• REQUIRED ACTION
Hand back, word for word, the lines from the one containing "佛山市三水區(qū)實驗小學" to the end of the records, both included, and leave out pictures.
*** GIVEN RECORDS Section Begins ***
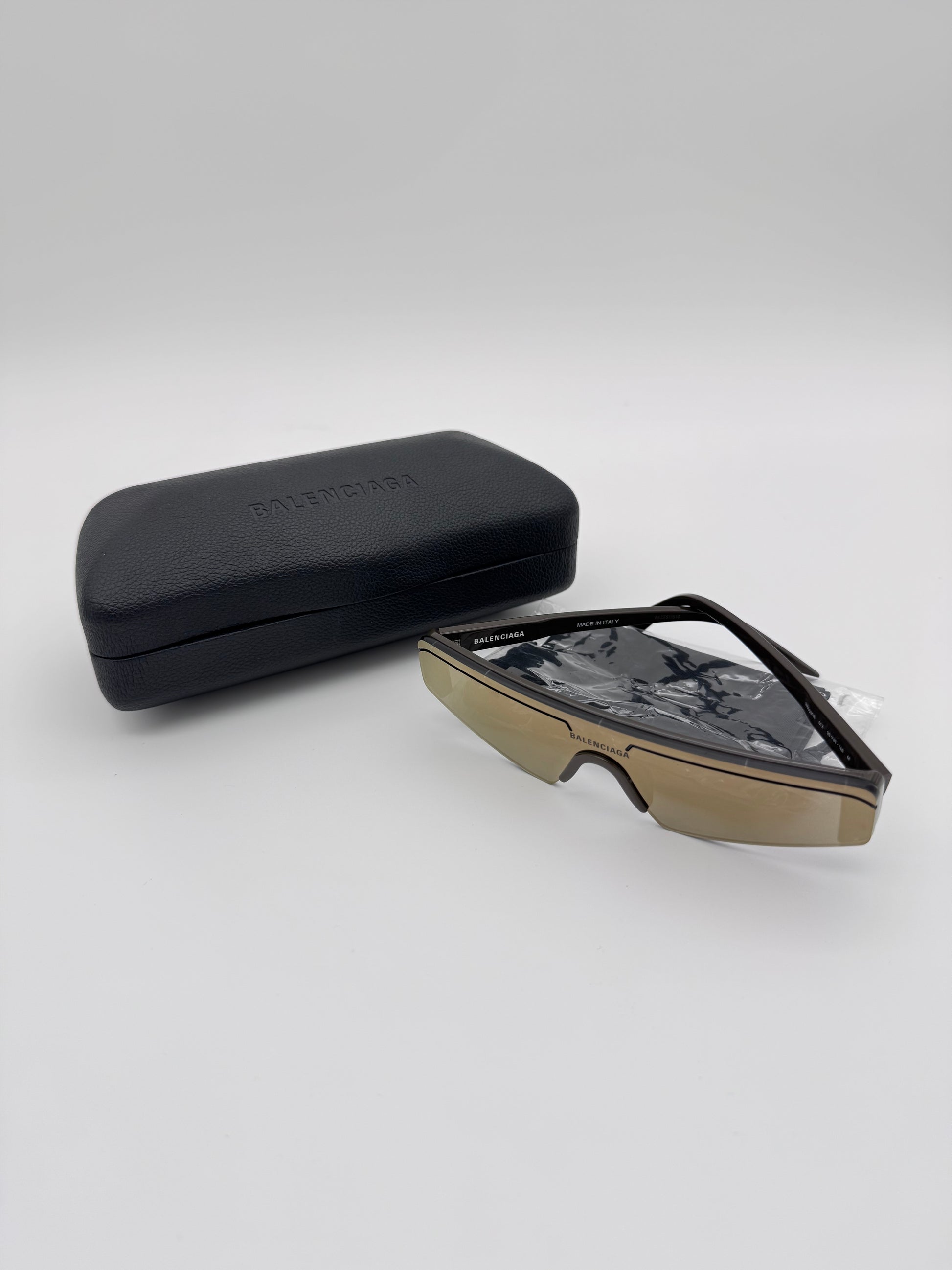 BALENCIAGA BROWN SKI RECTANGLE SUNGLASSES (PRE-OWNED WITH CASE)
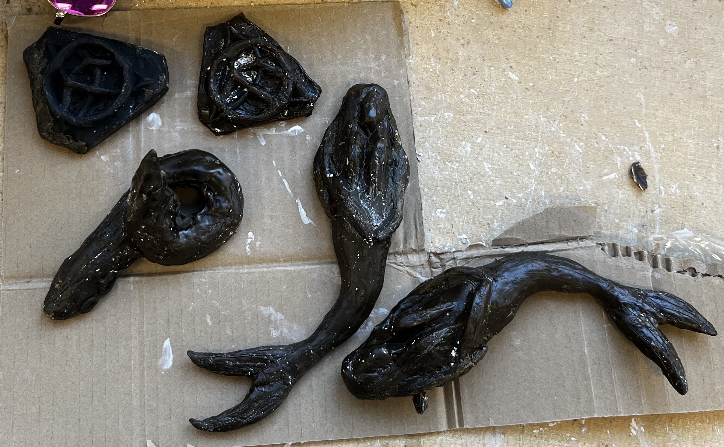 For my pieces I decided on 3 different things: an octopus tentacle, a pair of Irish infinity knots, and a pair of mermaids that will be placed next to each other in a way that makes it look like they’re swimming in a circle. However, I hate working in wax. I find that it cools and hardens way too quickly for me, so I made my pieces out of clay first, and then made a mold of them so that I could pour wax into it. I made a total of 3 molds; 1 for the tentacle, 1 for the mermaids, and 1 for the Irish infinity knots.
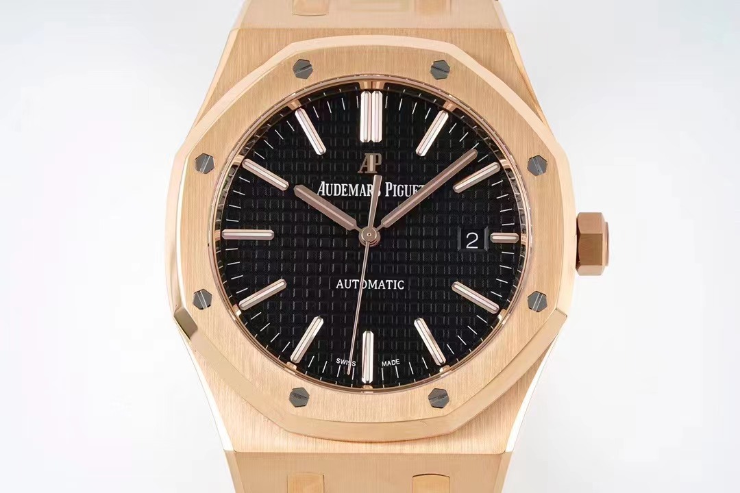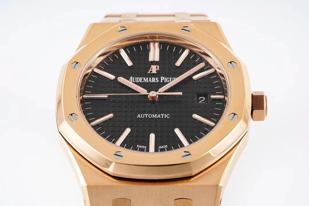 AP皇家橡樹繫列15400OR《一體機CAL.3120》錶殼採用瑞士4N玫瑰金,色澤純正,不生銹,抗腐蝕,符合國際和行業標准。可以說是目前市面上唯一的“極限版”15400OR。一體式錶殼和八角舷窗錶圈,六角螺絲略微凹陷於錶殼媲美正品。坦克履帶型錶帶的鬆緊感和細膩質感與原版相差無恙,弧度流暢。錶盤“TAPISSERIE”格紋橫豎整齊排列裝飾錶盤搭配白金熒光立體時標和皇家橡樹指針.(以上細節如見實物更是驚艷)。全新研發的一體機CAL.3120 擺輪位置對應正品在7點位置,平面遊絲(Flat).甲闆上的齒輪與發條盒均真實可動可用。動力儲備時間與原版一致的41小時
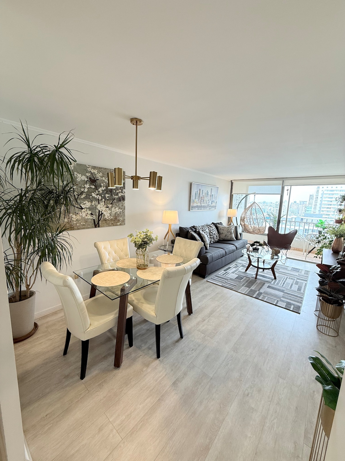Moderno departamento con espectacular vista a la cordillera, a pasos del Mall Parque Arauco. Piscina temperada, gimnasio, seguridad 24h y estacionamiento. Dos habitaciones, cama king + 2 camas individuales, sofá cama de dos plazas en la sala, 2 baños, terraza cerrada con protección en ventanas, ideal para familias. Lavadora/secadora, lavavajillas, Wi-Fi alta velocidad y escritorio de trabajo. Totalmente equipado para estadías cómodas, seguras y funcionales.
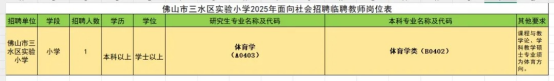 佛山市三水區(qū)實驗小學(xué)為三水區(qū)政府直屬公益一類事業(yè)單位,根據(jù)學(xué)校發(fā)展和需要,擬面向社會公開招聘體育合同制教師1名。本次招聘的臨聘教師為三水區(qū)直屬學(xué)校非編制內(nèi)人員,入職后從事學(xué)校教育教學(xué)工作,享受三水區(qū)有關(guān)臨聘教師政策規(guī)定的薪酬待遇。
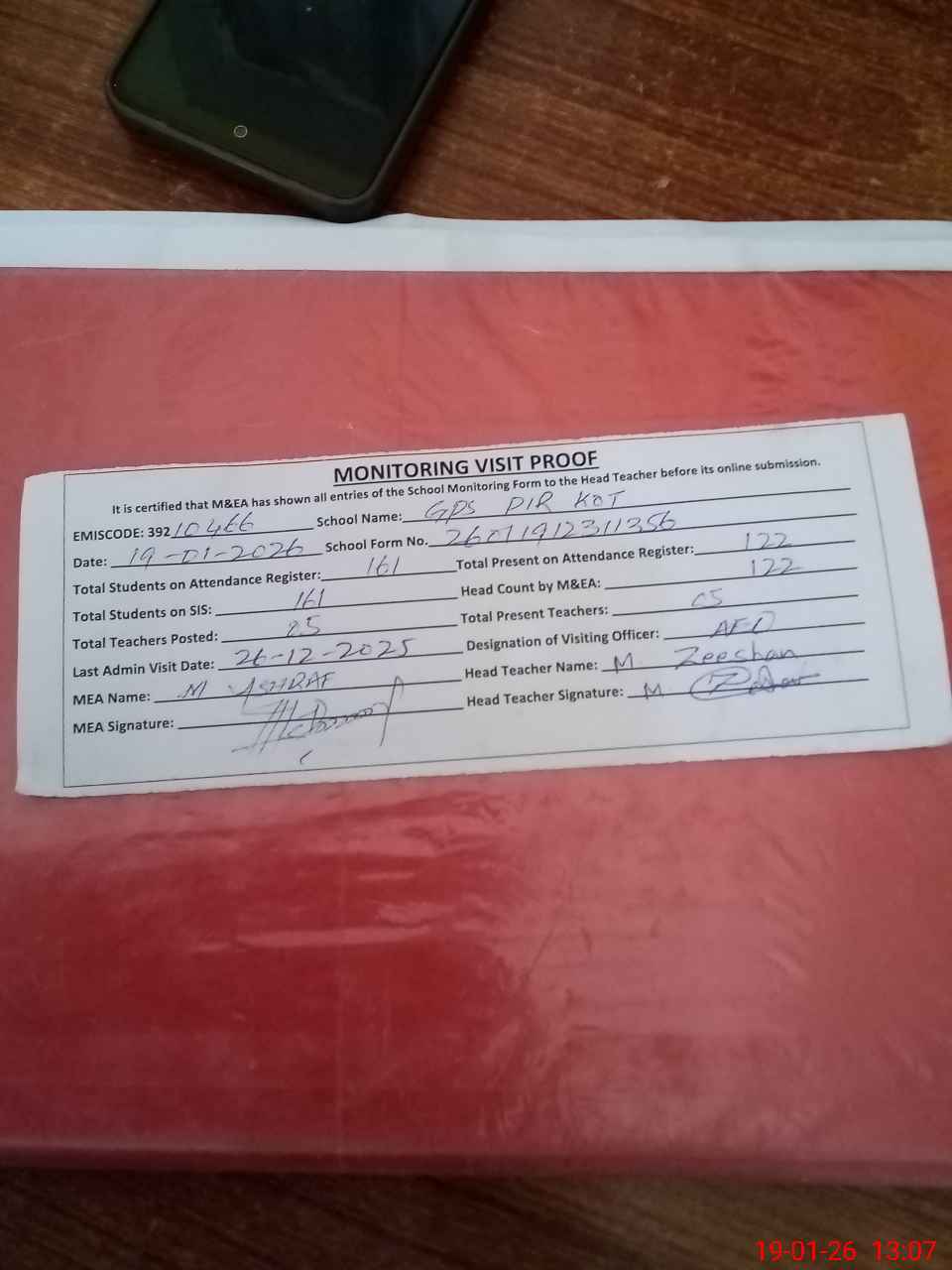 | EMIS Code: 39210466 | Name of School: GPS PIR KOT PAKPATTAN | |||
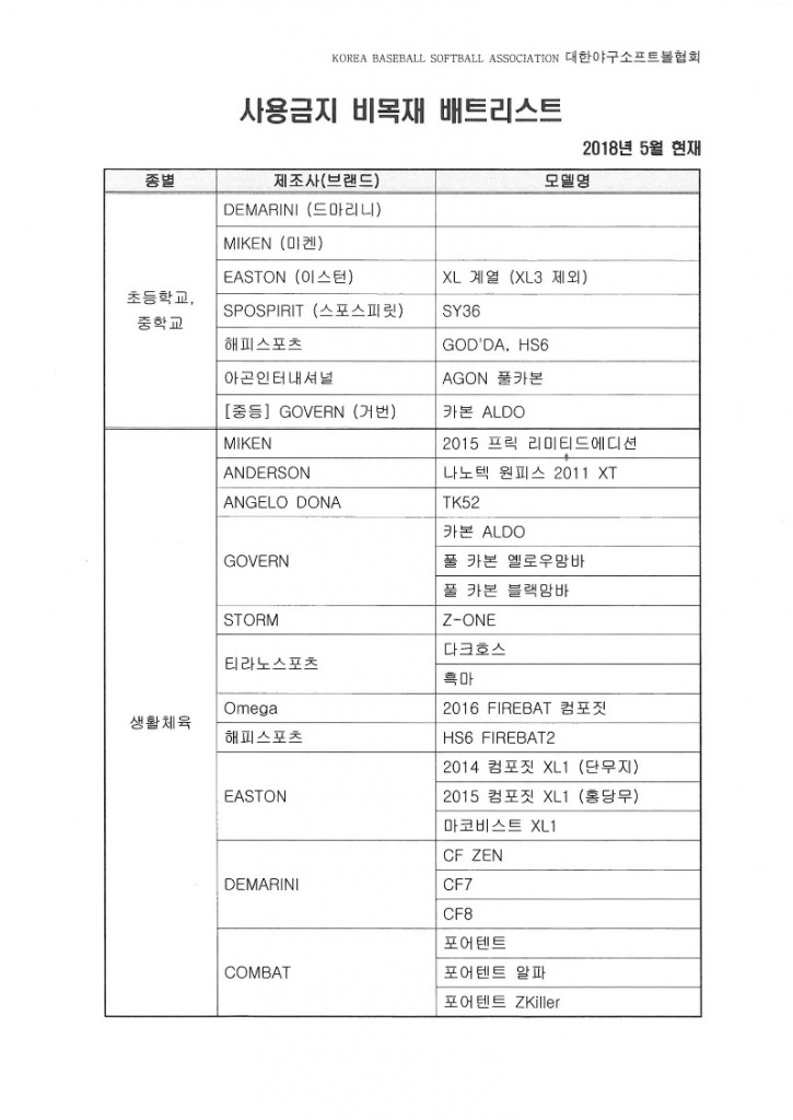 안녕하세요:) 금지배트에 관하여 질문드리고 싶어서 글을 남깁니다. 엔젤도나에서 나오는 tk52배트가 현재 금지배트 목록에 올라와 있는데 카본 소재 배트와 알로이 소재 배트 두 경우 모두 금지인지 알고 싶어서 문의드립니다
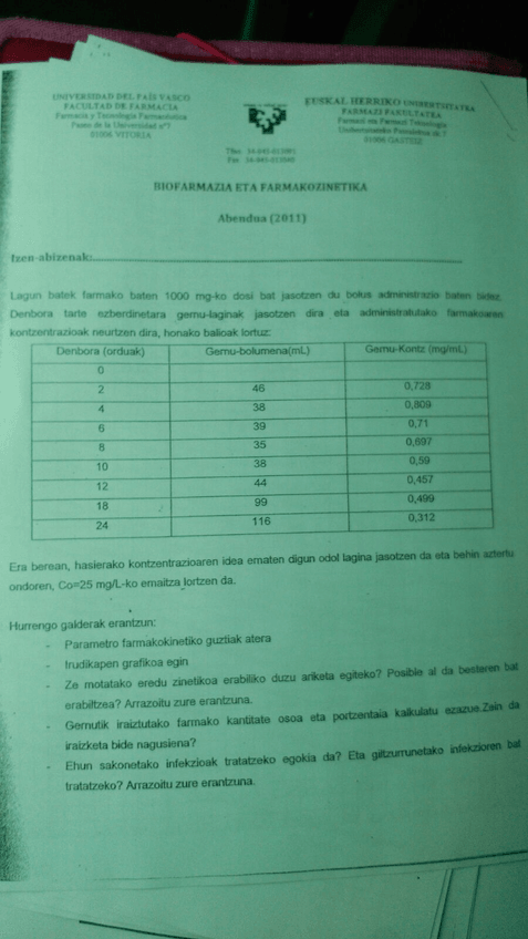 He publicado nuevos examenes de 4º Biofarmacia y Farmacocinética: exámenes biofarmacia
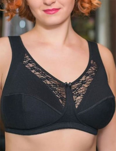 Комфортный бюстгальтер-минимайзер VALIJA 1145 от Valmira – без каркасов и боковых пластин, идеален для всего дня. Выполнен в черном цвете из мягкого хлопка с тиснёным ромбическим узором и кружевной вставкой. Закрытая чашка обеспечивает надежное расположение груди, а боковой подкрой приподнимает и центрирует грудь. Широкие бретели на поролоне равномерно распределяют вес, избавляя плечи от усталости.
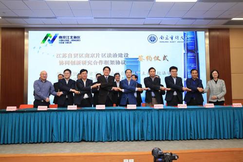 为进一步贯彻落实《中国(江苏)自由贸易试验区总体方案》要求,加快江北新区法治建设进程,有效营造江苏自贸区南京片区国际一流法治营商环境,10月30日下午,江苏自贸区南京片区法治营商环境建设首届高端论坛在我校浦口校区举行。本次高端论坛由我校和南京市江北新区管委会联合主办,我校51视频 和南京市江北新区管委会综合治理局负责承办。论坛邀请境内外国际商事法律专家学者共商建设路径。南京大学、南京师范大学、东南大学、河海大学、51视频 、南京工业大学及南京信息工程大学等7家驻宁主要高校51视频 负责人出席论坛并与新区法制主管部门签署了江苏自贸区南京片区法治建设协同创新研究合作框架协议。
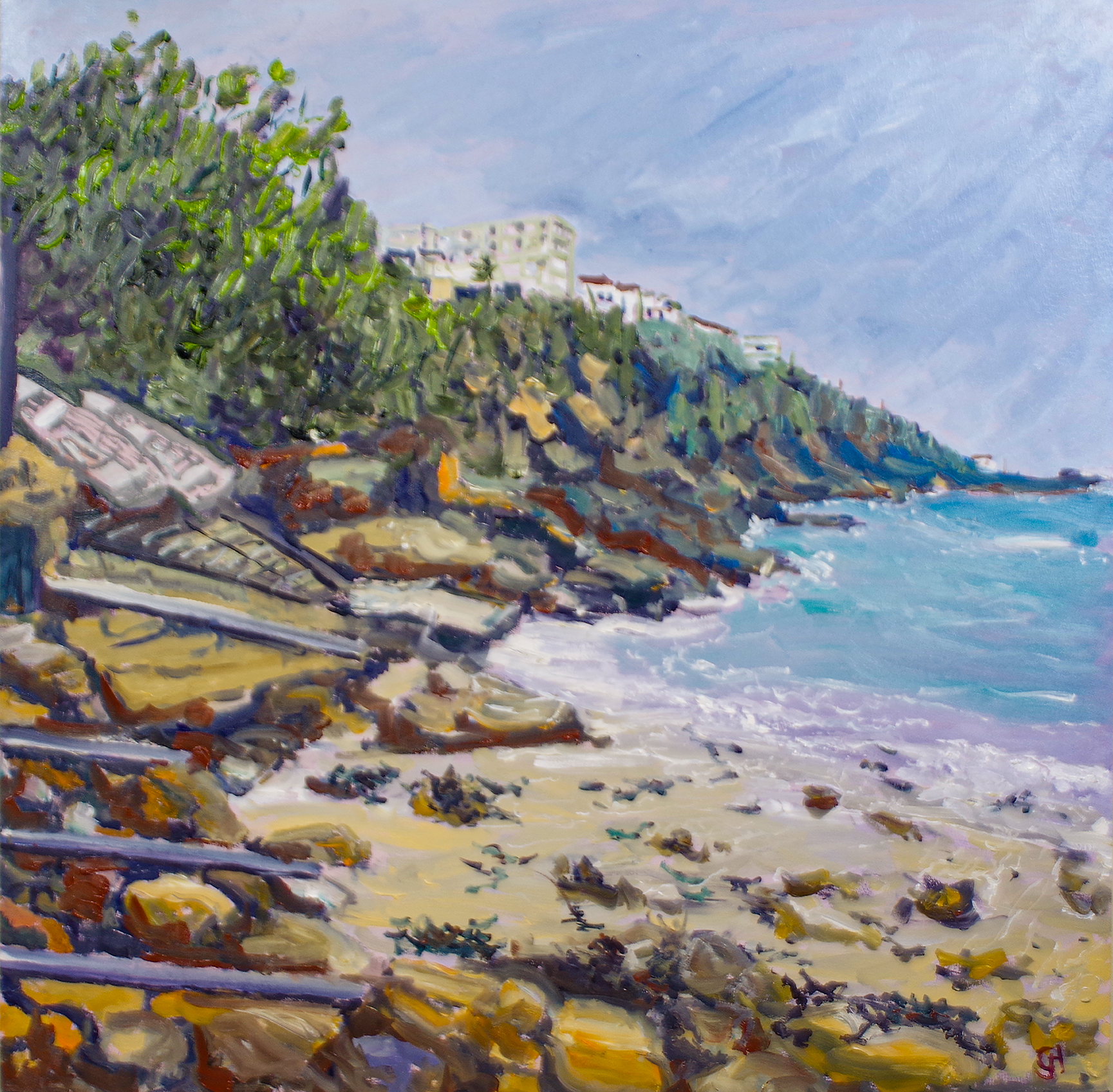 My original oil painting is looking towards the northern shore from where the small tinnie’s are pulled up and stored out of the waves.
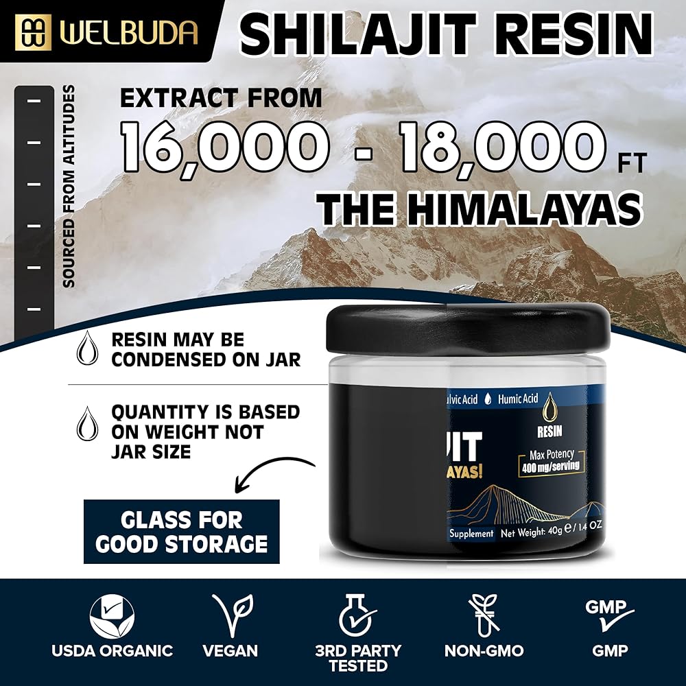 🗻 Potent Benefits of 400mg per Serving: Shilajit Resin Organic is from the Himalayas at 16,000-18,000 ft altitude. Provides over 85 types of premium sources as well as supports the immune system, cognitive health & energy production; For those seeking assistance for their well-being, our shilajit is ideal.
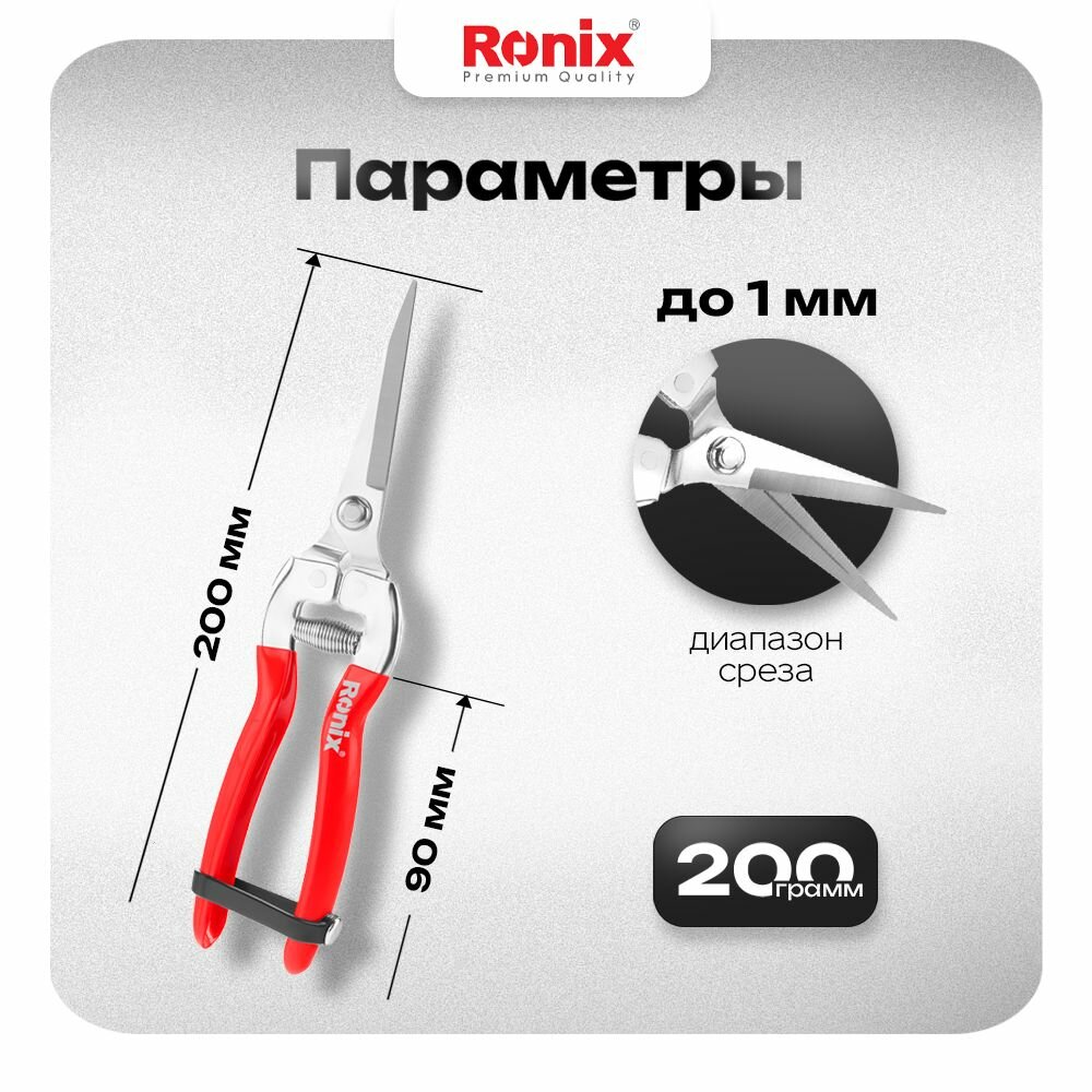 Секатор для цветов, ножницы садовые универсальные Ronix 200 мм диапазон реза до 1 мм, японская сталь информация:
*** GIVEN RECORDS Section Ends ***
• ANSWER FOR THIS EXERCISE
 佛山市三水區(qū)實驗小學(xué)為三水區(qū)政府直屬公益一類事業(yè)單位,根據(jù)學(xué)校發(fā)展和需要,擬面向社會公開招聘體育合同制教師1名。本次招聘的臨聘教師為三水區(qū)直屬學(xué)校非編制內(nèi)人員,入職后從事學(xué)校教育教學(xué)工作,享受三水區(qū)有關(guān)臨聘教師政策規(guī)定的薪酬待遇。
 | EMIS Code: 39210466 | Name of School: GPS PIR KOT PAKPATTAN | |||
 안녕하세요:) 금지배트에 관하여 질문드리고 싶어서 글을 남깁니다. 엔젤도나에서 나오는 tk52배트가 현재 금지배트 목록에 올라와 있는데 카본 소재 배트와 알로이 소재 배트 두 경우 모두 금지인지 알고 싶어서 문의드립니다
 He publicado nuevos examenes de 4º Biofarmacia y Farmacocinética: exámenes biofarmacia
 Комфортный бюстгальтер-минимайзер VALIJA 1145 от Valmira – без каркасов и боковых пластин, идеален для всего дня. Выполнен в черном цвете из мягкого хлопка с тиснёным ромбическим узором и кружевной вставкой. Закрытая чашка обеспечивает надежное расположение груди, а боковой подкрой приподнимает и центрирует грудь. Широкие бретели на поролоне равномерно распределяют вес, избавляя плечи от усталости.
 为进一步贯彻落实《中国(江苏)自由贸易试验区总体方案》要求,加快江北新区法治建设进程,有效营造江苏自贸区南京片区国际一流法治营商环境,10月30日下午,江苏自贸区南京片区法治营商环境建设首届高端论坛在我校浦口校区举行。本次高端论坛由我校和南京市江北新区管委会联合主办,我校51视频 和南京市江北新区管委会综合治理局负责承办。论坛邀请境内外国际商事法律专家学者共商建设路径。南京大学、南京师范大学、东南大学、河海大学、51视频 、南京工业大学及南京信息工程大学等7家驻宁主要高校51视频 负责人出席论坛并与新区法制主管部门签署了江苏自贸区南京片区法治建设协同创新研究合作框架协议。
 My original oil painting is looking towards the northern shore from where the small tinnie’s are pulled up and stored out of the waves.
 🗻 Potent Benefits of 400mg per Serving: Shilajit Resin Organic is from the Himalayas at 16,000-18,000 ft altitude. Provides over 85 types of premium sources as well as supports the immune system, cognitive health & energy production; For those seeking assistance for their well-being, our shilajit is ideal.
 Секатор для цветов, ножницы садовые универсальные Ronix 200 мм диапазон реза до 1 мм, японская сталь информация:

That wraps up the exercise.